**AIM OF THE TASK**
Return the line containing "Alternatively, click the" and every line beneath it through the end of the entries below, unchanged. Pictures stay out.

-- INFORMATION SHOWN follows --

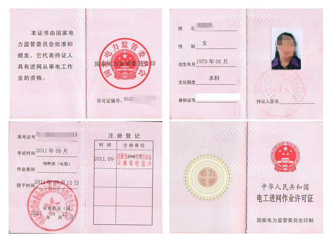 这种也证书是分高压和低压的,区别于电工操作证,这种证书一般在供电局上班的人员都是考电工进网许可证.。
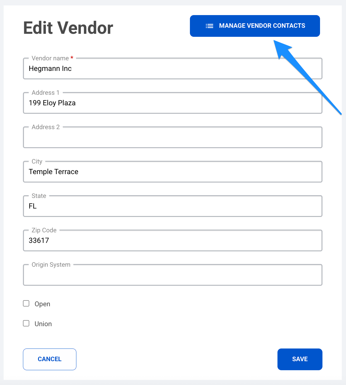 Note: You can export a CSV file of your Vendor Contacts by selecting the Export Vendor Contacts button in the Manage Vendor Contacts modal.
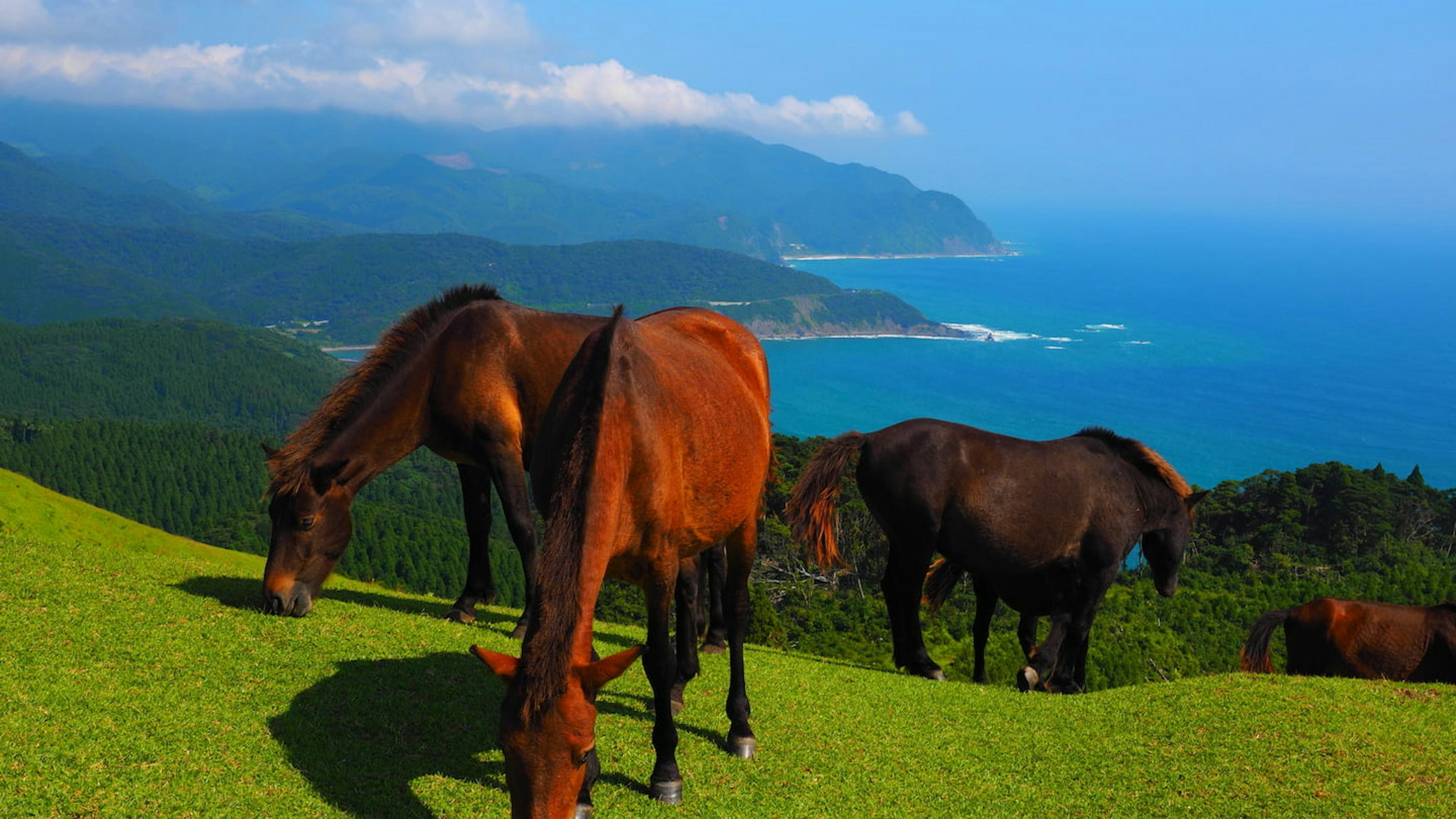 また戸井岬は、日本の在来馬の一種・御崎馬(みさきうま)でも有名。この馬は江戸時代に高鍋藩が放牧したのがはじまりという野生馬で、国の天然記念物にも指定されています。4月から5月にかけては、春駒(はるこま)と呼ばれる仔馬が産まれるシーズンなので、とくにおすすめですよ。
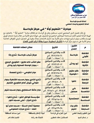 تعزيزًا للدور المجتمعي لحزب مستقبل وطن، تحت رعاية المستشار عبدالوهاب عبدالرازق رئيس الحزب، وتنفيذًا لتوجيهات النائب أشرف رشاد رئيس الهيئة البرلمانية للحزب الأمين العام والنائب الأول لرئيس الحزب، وتحت إشراف النائب علاء عابد نائب رئيس الحزب والنائبة رشا رمضان أمينة المرأة بالأمانة المركزية والنائب عادل ناصر أمين الحزب بمحافظة الجيزة والنائب عبدالوهاب خليل نائب رئيس الهيئة البرلمانية للحزب أمين التنظيم بالمحافظة، أعلنت أمانة مركز كرداسة عن إطلاق 7 قوافل لمحو الأمية بجميع قرى المركز تفعيلًا لبروتوكول التعاون مع الهيئة العامة لتعليم الكبار.
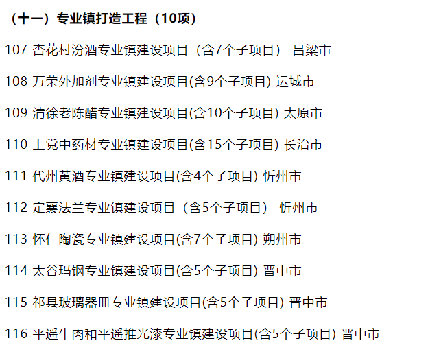 4月20日,山西省政府发布2023年省级重点工程项目名单。吕梁市杏花村汾酒专业镇建设项目(含7个子项目)、忻州市代州黄酒专业镇建设项目(含4个子项目)、晋中市祁县红星白酒产业园迁建项目、吕梁市汾青基地2万吨原酒酿造一期项目入选。
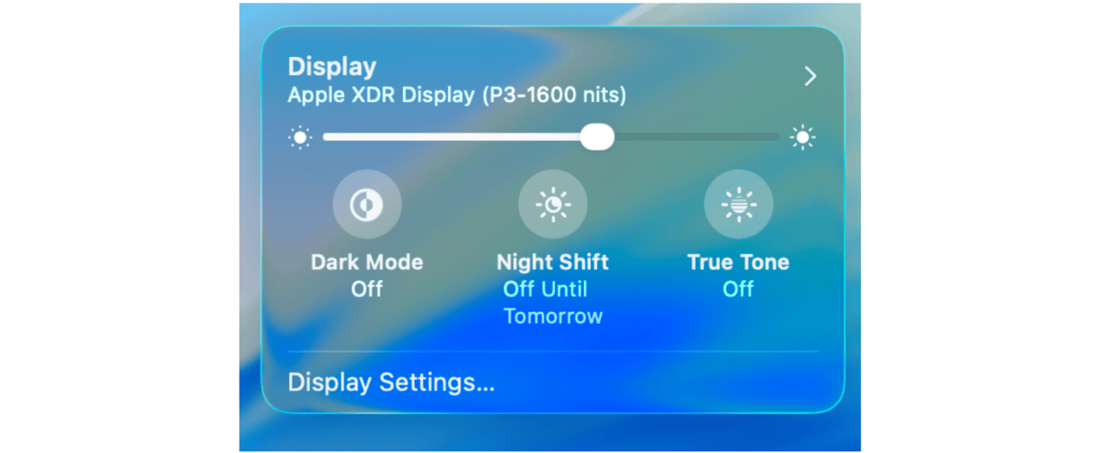 Alternatively, click the Control Center icon in the menu bar > Display and disable True Tone from there. Check if it helped.
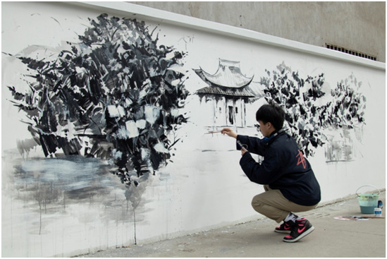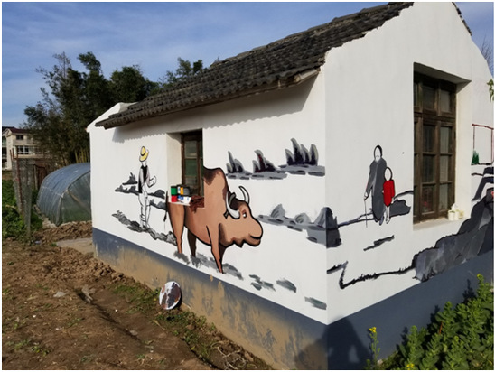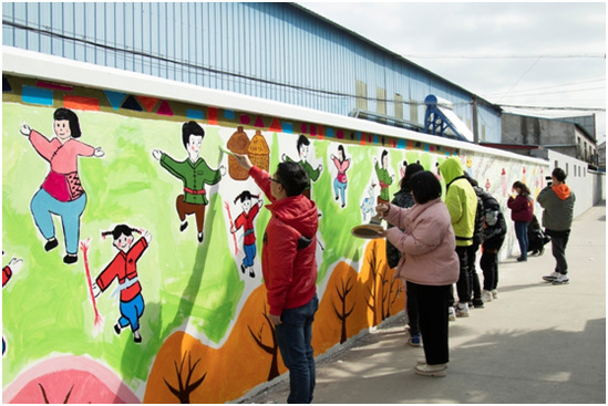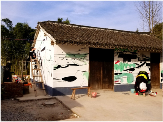 3月7日上午,108名学生在7名专业课老师带领下,对惠南镇六灶湾村6个定点的700平方米墙面进行了大型墙绘创作。
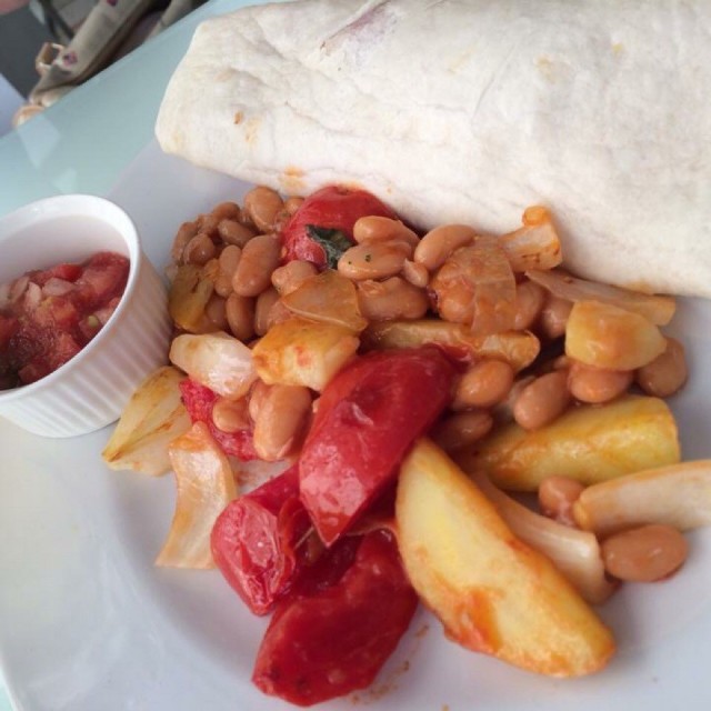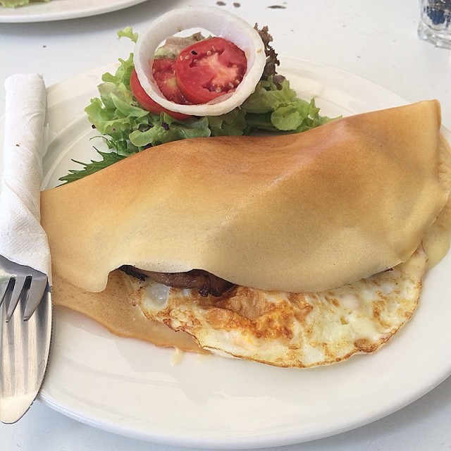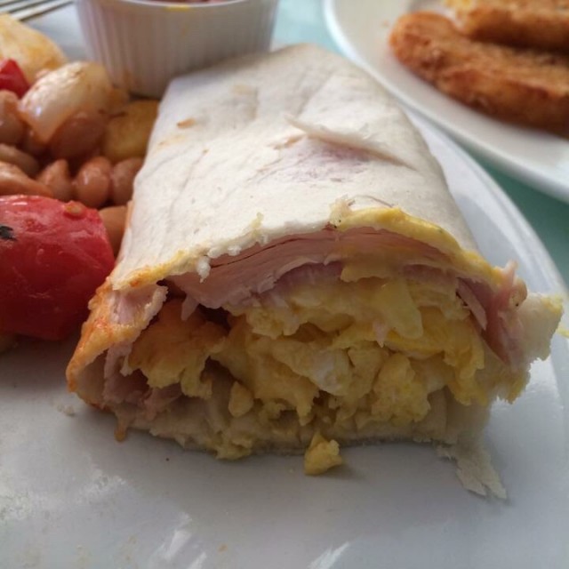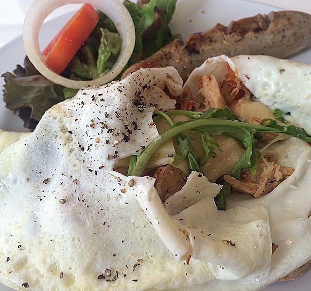 Egg white omelet with chicken, tomato, mozarella and rocket
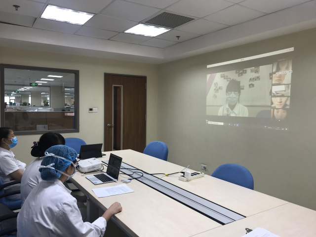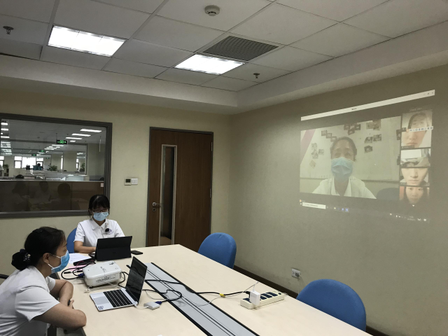 “云结业”典礼在护理部教研管理委员会吕茵茵主席的主持下,由彼此的问候声拉开序幕。教学部副部长宋春梅老师首先致词,她对护理部带教工作表示肯定、对学生们顺利完成实习表示祝贺、对各实习院校对本院的认可及信任表示感谢,尤其对在北京疫情反复时能够严格配合防控要求,并坚持完成实习任务的石家庄协和医学院的师生表示肯定和感动之情。
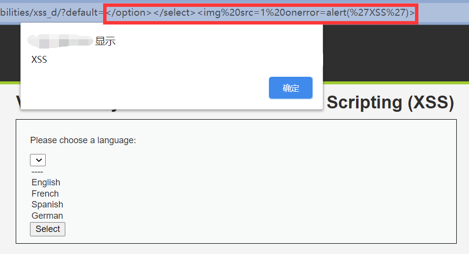 GET上传的default参数加入到<select>元素的选项卡中,每当页面被呈现时,恶意代码就可以运行。 - 后端没有做任何防护,意思就是随便注。
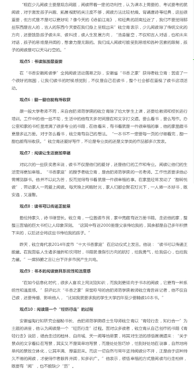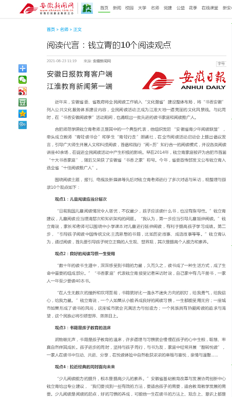 本网讯 近日,安徽新闻网围绕阅读主题,整理与撷录我院机关二党委书记、科研处副处长钱立青近年来接受报刊、电视、新媒体等对话与采访,梳理其十大阅读观点并进行了报道。钱立青作为读书家庭和阅读推广的典型代表,组织发起“安徽省青少年阅读联盟”,牵头成立教师“青轻读书会”和学生“青轻行走”朗诵社,在全市阅读活动启动会上提出倡议发言,引导广大师生开展人文和科技阅读,首倡和践行“阅+历”知行合一的阅读模式,开设各类阅读讲座40余场,在促进全民阅读活动中产生积极的影响。其家庭被评为安徽省“书香之家”称号、合肥市首届“十大书香家庭”。今年,省委宣传部发文公布钱立青入选全省“十佳阅读推广人”。(新闻中心)
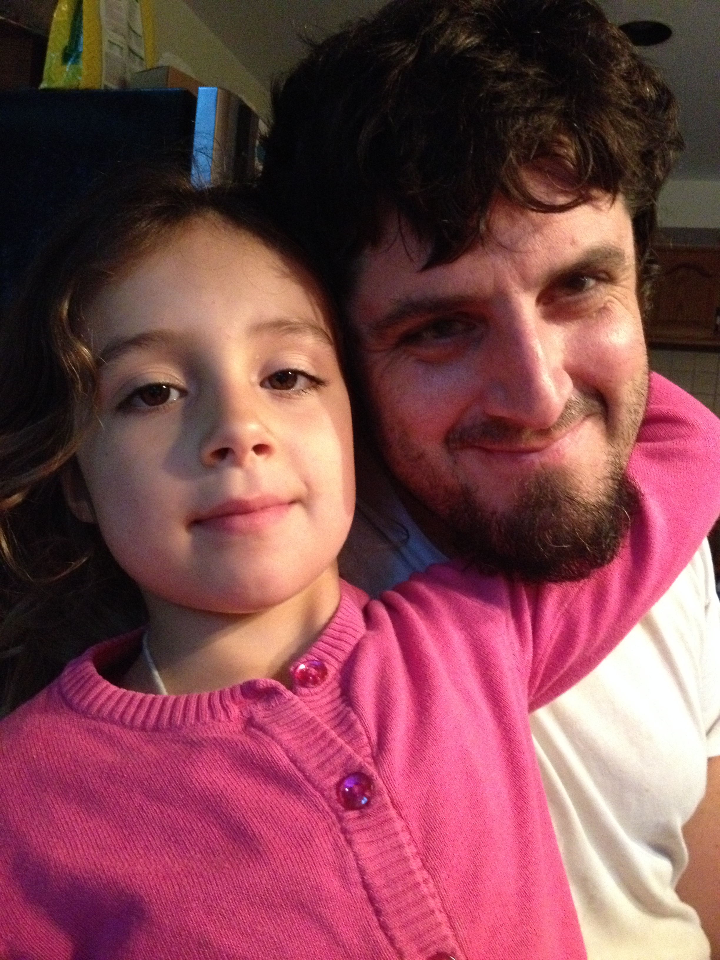 The five year old knows the iPhone camera and her Dad his kindly looks smile wrinkles Good Nights Good Mornings.

-- INFORMATION SHOWN concluded --

**RESULT OF THIS TASK**
 Alternatively, click the Control Center icon in the menu bar > Display and disable True Tone from there. Check if it helped.
 3月7日上午,108名学生在7名专业课老师带领下,对惠南镇六灶湾村6个定点的700平方米墙面进行了大型墙绘创作。
 Egg white omelet with chicken, tomato, mozarella and rocket
 “云结业”典礼在护理部教研管理委员会吕茵茵主席的主持下,由彼此的问候声拉开序幕。教学部副部长宋春梅老师首先致词,她对护理部带教工作表示肯定、对学生们顺利完成实习表示祝贺、对各实习院校对本院的认可及信任表示感谢,尤其对在北京疫情反复时能够严格配合防控要求,并坚持完成实习任务的石家庄协和医学院的师生表示肯定和感动之情。
 GET上传的default参数加入到<select>元素的选项卡中,每当页面被呈现时,恶意代码就可以运行。 - 后端没有做任何防护,意思就是随便注。
 本网讯 近日,安徽新闻网围绕阅读主题,整理与撷录我院机关二党委书记、科研处副处长钱立青近年来接受报刊、电视、新媒体等对话与采访,梳理其十大阅读观点并进行了报道。钱立青作为读书家庭和阅读推广的典型代表,组织发起“安徽省青少年阅读联盟”,牵头成立教师“青轻读书会”和学生“青轻行走”朗诵社,在全市阅读活动启动会上提出倡议发言,引导广大师生开展人文和科技阅读,首倡和践行“阅+历”知行合一的阅读模式,开设各类阅读讲座40余场,在促进全民阅读活动中产生积极的影响。其家庭被评为安徽省“书香之家”称号、合肥市首届“十大书香家庭”。今年,省委宣传部发文公布钱立青入选全省“十佳阅读推广人”。(新闻中心)
 The five year old knows the iPhone camera and her Dad his kindly looks smile wrinkles Good Nights Good Mornings.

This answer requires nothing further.